Parameter acquisition method based on Mask R-CNN network and electrocardiogram

Technical Field

The invention relates to the technical field of electrocardiograms, in particular to a parameter acquisition method based on a Mask R-CNN network and an electrocardiogram.

Background

An Electrocardiogram (ECG) is a time-series signal for acquiring heart activity, and since the ECG signal is data for indirectly acquiring heart activity, it is very easily interfered by various signals, and it is often necessary to ignore the interfering signal and then determine the waveform of the ECG wave.

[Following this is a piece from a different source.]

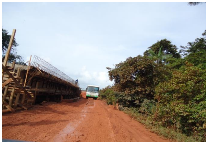
Figura 6.- BR-156. Trecho ainda não pavimentado da BR 156, até a cidade de Oiapoque.

As novas conjunturas que serão geradas no cenário sócio espacial e político em função da consolidação da BR-156 e da Ponte Binacional refletirão as implicações desse contexto de fronteira nas novas configurações da Paisagem Urbana de Oiapoque, em função dos fluxos transfronteiriços, posto que as influências das interações, mesmo difusas, sem acordos e regulamentações bilaterais definidas, já acontecem a bastante tempo entre Oiapoque e Saint Georges (Figura 6).

Although the electrocardiographic detection is easily interfered by signals, the electrocardiographic detection has the advantages of no wound and low cost, so that the electrocardiographic detection becomes one of the most common detection means in clinic. The automatic parameter acquisition method of the electrocardiogram can realize the identification and classification of electrocardiogram signals, is an indispensable technical means for computer-aided electrocardiogram analysis, and is one of the research hotspots in the electrocardiogram field.

Current ECG automated parameter acquisition can be categorized into two types: the first is a traditional parameter acquisition method based on mathematical and physical characteristics. Common mathematical features may be wavelet features, various higher order statistical indicators, power spectra, etc. The ECG parameter acquisition method is carried out by combining the characteristic quantities with time domain characteristic indexes and some traditional analysis methods, such as principal component analysis, independent principal component analysis and the like. The conventional classification parameter acquisition methods firstly overcome the influence of an ECG interference signal, have poor adaptability to a noise signal, and have no direct mapping relationship between the characteristic quantity of the mathematical and physical characteristics and the abnormal characteristics of the ECG signal, so that the mathematical and physical characteristics cannot sufficiently dig out the abnormal characteristics of the ECG. Conventional time series parameter acquisition methods are highly dependent on the extracted features, but it is difficult to extract correct and critical information in capturing the intrinsic properties of time series data. Therefore, the method has complicated steps and poor practicability.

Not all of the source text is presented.